Segment Start: DATA EXTRACTS

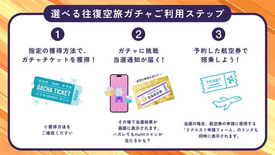 新規会員登録者限定で挑戦できる特別ガチャです。タップひとつで15%の確率で国内往復航空券(引換券)が当たります。さらに今回は、当選後に行き先も選択ができるため、当選後に表示される候補地リストを参考に、選ぶことも可能です。計画通りの旅だけではなく、HafHでしか味わえない、風まかせな旅の始まりを体験をご提供します。
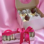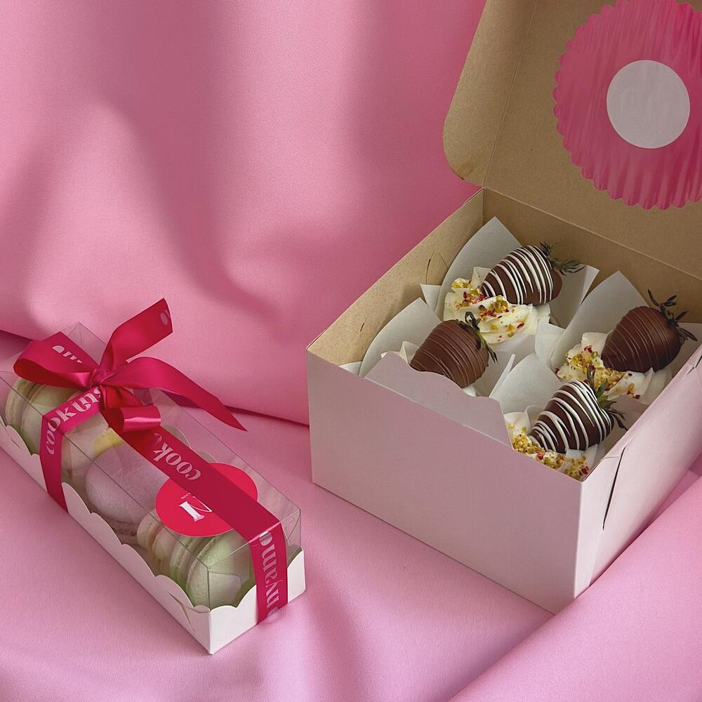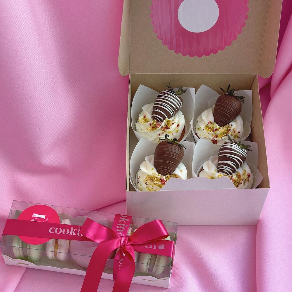 Ванильные капкейки Сливочное масло 82,5%, яйца,сахар, ванильный сахар, разрыхлитель, соль, молоко, мука Ягодная начинка Крем чиз Творожный сыр, сливки натуральные 33%, сахарная пудра Ягоды клубники в шоколаде Макаруны ассорти ( могут отличаться от представленных : черная смородина, манго -маракуйя , клубника, фисташка, шоколад
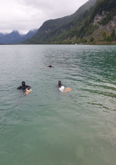 Doch unser Einsatz war noch nicht vorbei. Beim vorherigen Tauchgang wurde ein großes Stück und ein umliegendes Müllfeld mit einer Boje markiert. Einige von uns tauschten die Pressluftflaschen und begaben sich nach einer Oberflächenpause wieder ins kühle Nass.
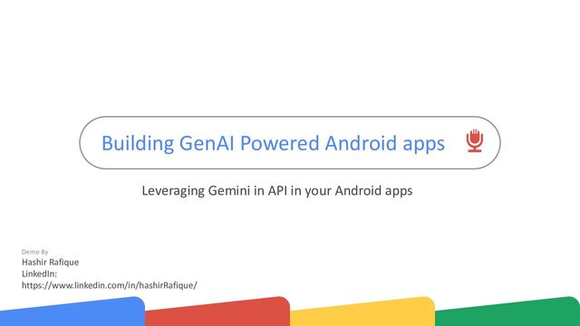in Android studio for beginners • Requires you to have your API Key • Adds all dependencies by itself • Generates the code for calling the modal API • Gives an initial code to practice prompting response from Gemini
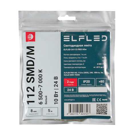 Светодиодная лента ELFLED PRO140 10w /112 точек/6500-7000K/24 V
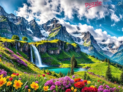 Lato, Dolina, Kwiaty, Wodospad, Grafika, Góry
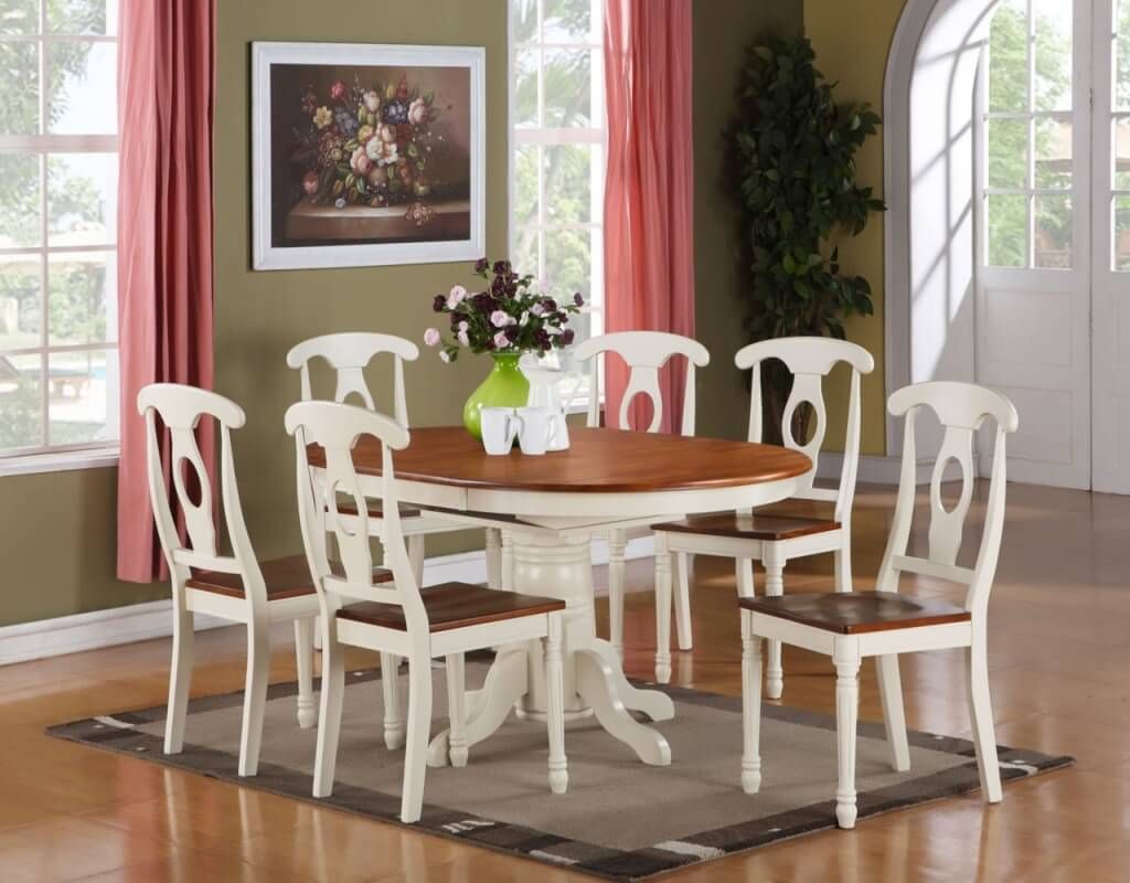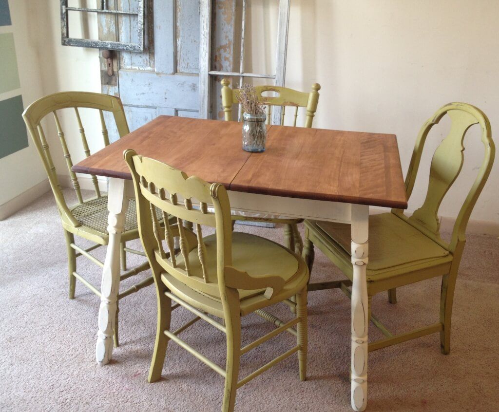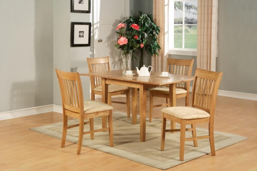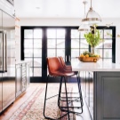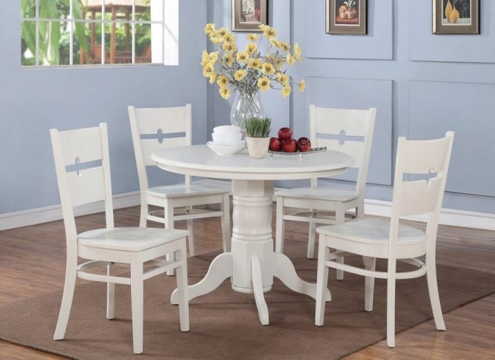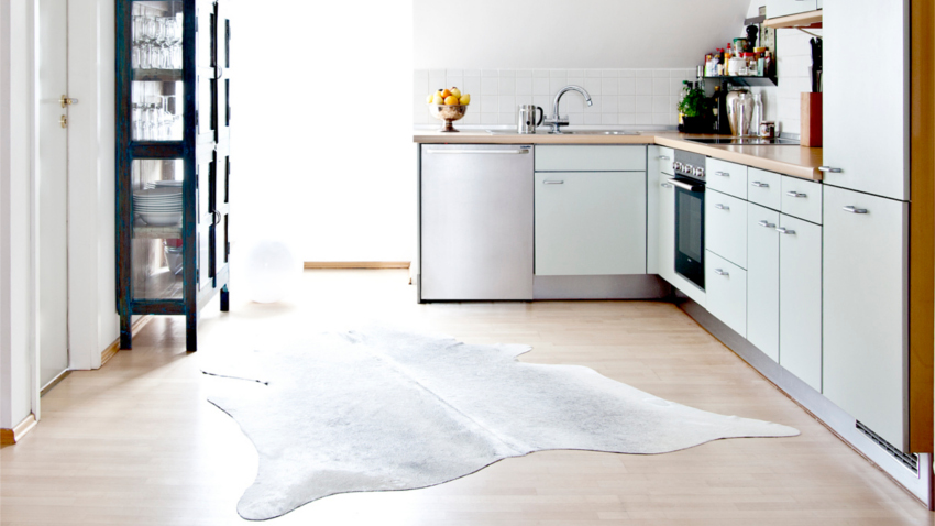 Wenn der Boden in der Küche mit weichem Linoleum bedeckt ist, verhindert ein Teppich unter dem Esstisch eine vorzeitige Verformung der Beine. Dadurch können Sie die Möbel in der Zukunft neu arrangieren, ohne befürchten zu müssen, dass hässliche Trampelpfade sichtbar werden.
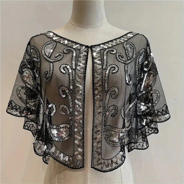 Women's Wrap Cape Vintage Sleeveless Sequind Solid Color Wraps with Beadings
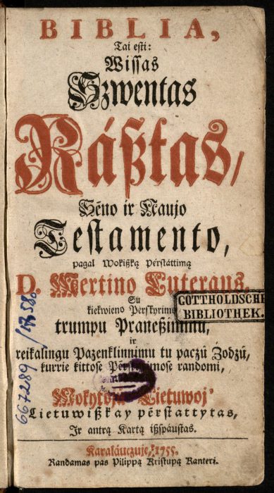 Biblia, tai esti Wissas Szwentas Rasztas ... (1755) -
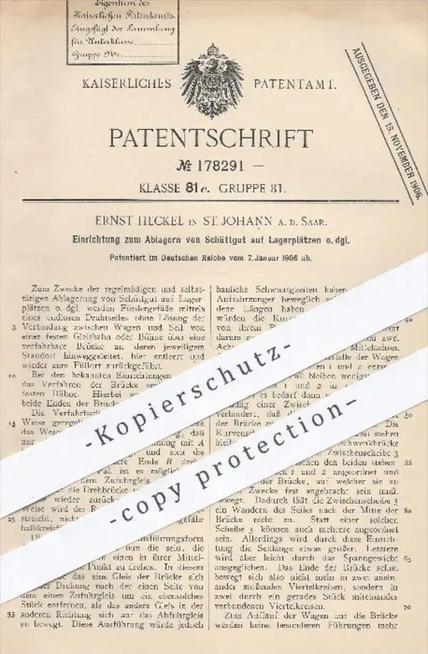original Patent - E. Heckel , St. Johann / Saar , 1906 , Ablagern von Schüttgut auf Lagerplätzen | Lagerhaltung , Lagern
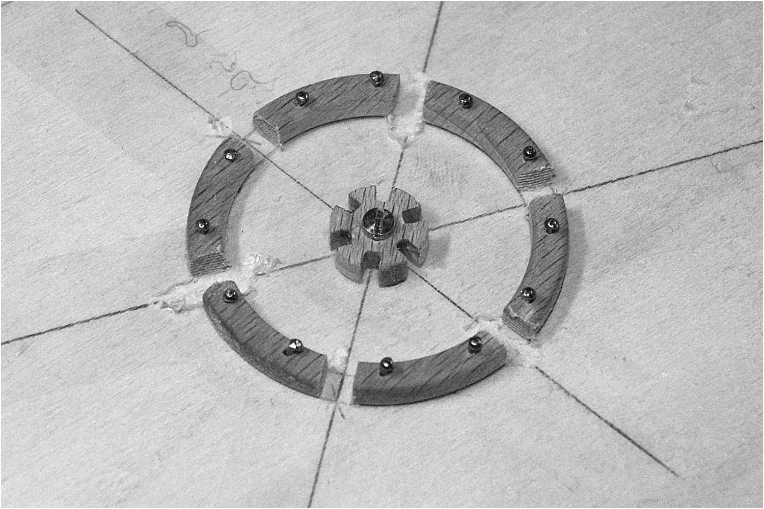 Auf die Hilfslinien habe ich Klebeband befestigt, damit das Steuerrad nicht auf dem Arbeitsunterlage festklebt, wenn später die Speichen in die Nabe eingeklebt werden.

Segment End: DATA EXTRACTS

→ **EXERCISE DIRECTIONS**: Please write out the lines above exactly, from the one that contains "Biblia, tai esti" through the final line, and include none of the pictures.

→ **OUTPUT OF THE TASK**:
 Biblia, tai esti Wissas Szwentas Rasztas ... (1755) -
original Patent - E. Heckel , St. Johann / Saar , 1906 , Ablagern von Schüttgut auf Lagerplätzen | Lagerhaltung , Lagern
 Auf die Hilfslinien habe ich Klebeband befestigt, damit das Steuerrad nicht auf dem Arbeitsunterlage festklebt, wenn später die Speichen in die Nabe eingeklebt werden.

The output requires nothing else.